One interesting general approach to the non-MT multiple-scattering problem, within the context of solid-state systems, was pioneered by Williams and Morgan (1974) who extended the KKR method by generalising the atomic spheres to space-filling polyhedral cells, eliminating the interstitial region altogether. This "cellular" (or "space-filling") method and several variants (including relativistic) or related schemes, have been developed by a number of workers (including R G Brown and M Ciftan; E Badralexe and A J Freeman; R Zeller, A Gonis, J S Faulkner, W H Butler and co-workers; R K Nesbet; I I Gegusin; and R G Newton) with some computational implementations. Although mainly applied to the calculation of band structures of periodic systems, there have been applications to photoemission from solids (M Grass, J Braun, G Borstel and others). A variant of the method for isolated clusters or molecules was proposed by Brown (1988) but does not appear to have been developed further or implemented as computer codes.

For molecules and clusters, a particularly clear extension of the MSW method was developed by Natoli, Benfatto and Doniach (1986). It retains the partition of space into disjoint atomic spheres with, optionally, an outer (or molecular) sphere enclosing all the atomic spheres. In the atomic spheres the potential is represented by a multipole expansion and the atomic T-matrices are generalized to have off-diagonal elements, resulting from the mixing of l-values in the radial Schrödinger equations. The effect of the (relatively) slowly varying interstitial potential is included via a Lippmann-Schwinger equation for the interstitial region, and leads to an extra term added on to the MSW secular matrix - in effect a T-matrix for the interstitial region. When an outer sphere is used, the potential in the extra-molecular region is expanded in multipoles and its effect on the multiple scattering is treated similarly to an atomic sphere.

The FPX codes implement directly the method of Natoli, Benfatto and Doniach (1986) apart from in the interstitial region where, instead of solving its Lippmann-Schwinger equation, we use the first Born approximation. The accuracy of this latter approximation is improved by resetting the energy zero to the average of the potential over the interstitial region. The coupled radial Schrödinger equations are solved by matrix integration from suitable boundary conditions at the atomic-sphere centres (or at infinity for the extra-molecular region in the case of an outer sphere). As in the earlier MT programs the FPX codes make use of molecular point symmetry to reduce the size of the secular matrix. In the context of the non-MT MSW method this required some additional theoretical work (which has remained unpublished). It adds, however, an extra layer of complexity to an already complicated implementation.

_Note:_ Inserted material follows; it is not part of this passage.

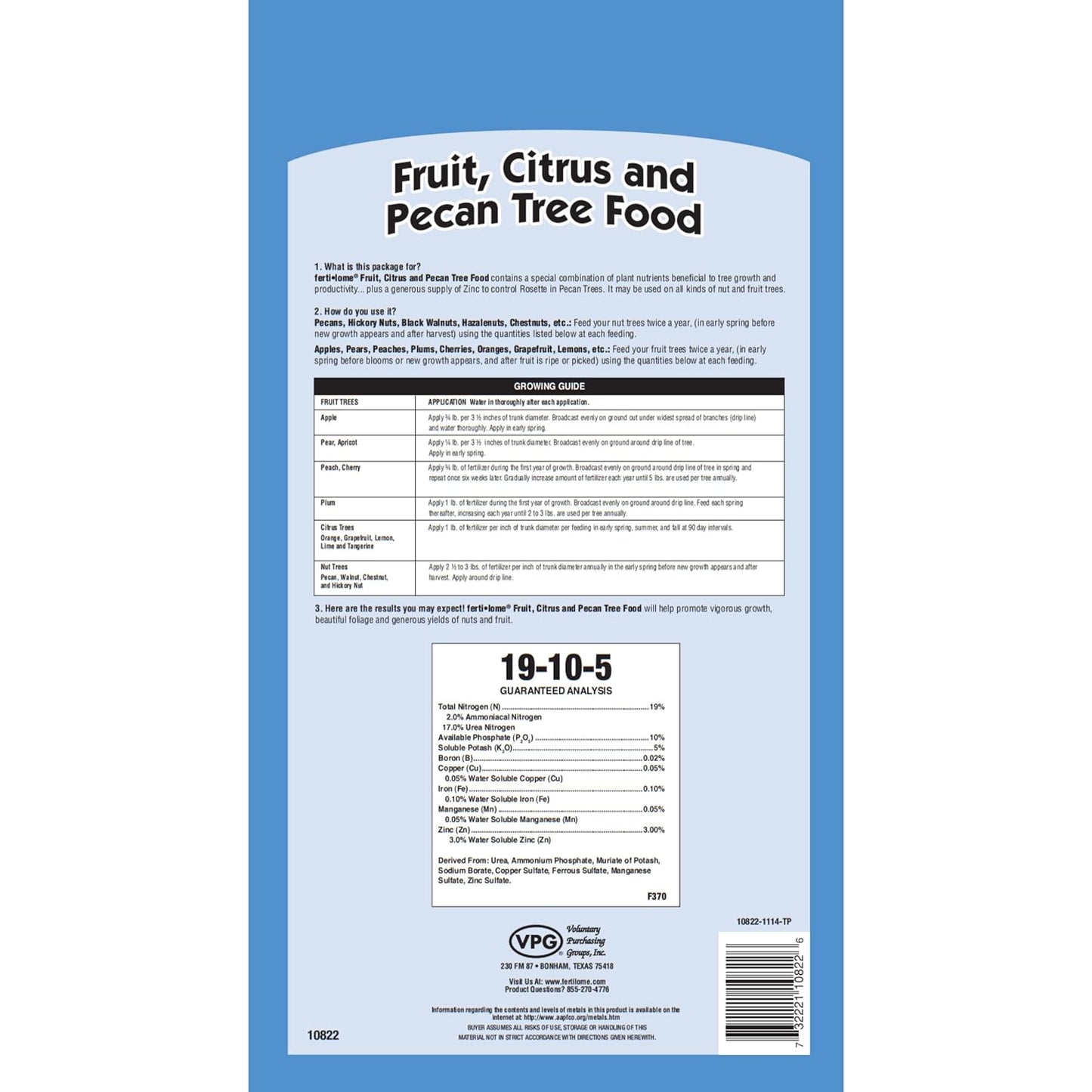 About Fertilome 10820 Fruit, Citrus and Pecan Tree Food 19-10-5 4 lbs.: Contains a special combination of plant nutrients beneficial to tree growth and productivity, plus a generous supply of zinc to control rosette in pecan trees. It may be used on all kinds of nut, citrus and fruit trees. Application Rate:Feed trees twice a year at recommended rates listed on label around the drip line and water in thoroughly. About Fertilome: Made by VPG Inc., in Bonham, Texas, USA, we have existed to strengthen, empower and support locally owned merchants and specialize in giving your green thumb a hand.

Reiterating the general observation that modelling XANES with ab initio calculations is a much more difficult problem than for EXAFS, for a variety of reasons, the most serious being the MT approximation, we summarize now several of the issues involved (and which hopefully have been brought out in the above text):
Firstly there are characteristics of a system that predispose it to a poor representation by the MT approximation, notably having

  1. an open structure (low coordination numbers / large fraction of empty space in the structure);
  2. covalent bonding (particularly multiple bonds which tend to hold atoms closer together); and
  3. (to a lesser extent) adjacent light and heavy atoms.


Although it is difficult to identify general tendancies in the errors that occur as a result of the MT approximation in calculated XAFS spectra, there are several observations to be made. Intuitively one may expect a priori that there will be problems when the kinetic energy of the excited photoelectron, travelling across the interstitial region, is of a similar order of magnitude to the typical errors of the potential approximation in that region, pointing to an energy scale of tens of electron volts, i.e. typical of XANES energies. Indeed the same would also apply when considering the errors introduced by using a potential derived from overlapped free-atom electron densities rather than full SCF densities. The typical errors here only become apparent when one has access to SCF-based potentials, although in our experience they appear to be comparable to those due to the MT approximation. One particularity of the MT approximation that does seem to provoke identifiable consequences is the appearance of discontinuities in potential at the atomic-sphere sphere surfaces, which give rise to spurious oscillations in the spectra.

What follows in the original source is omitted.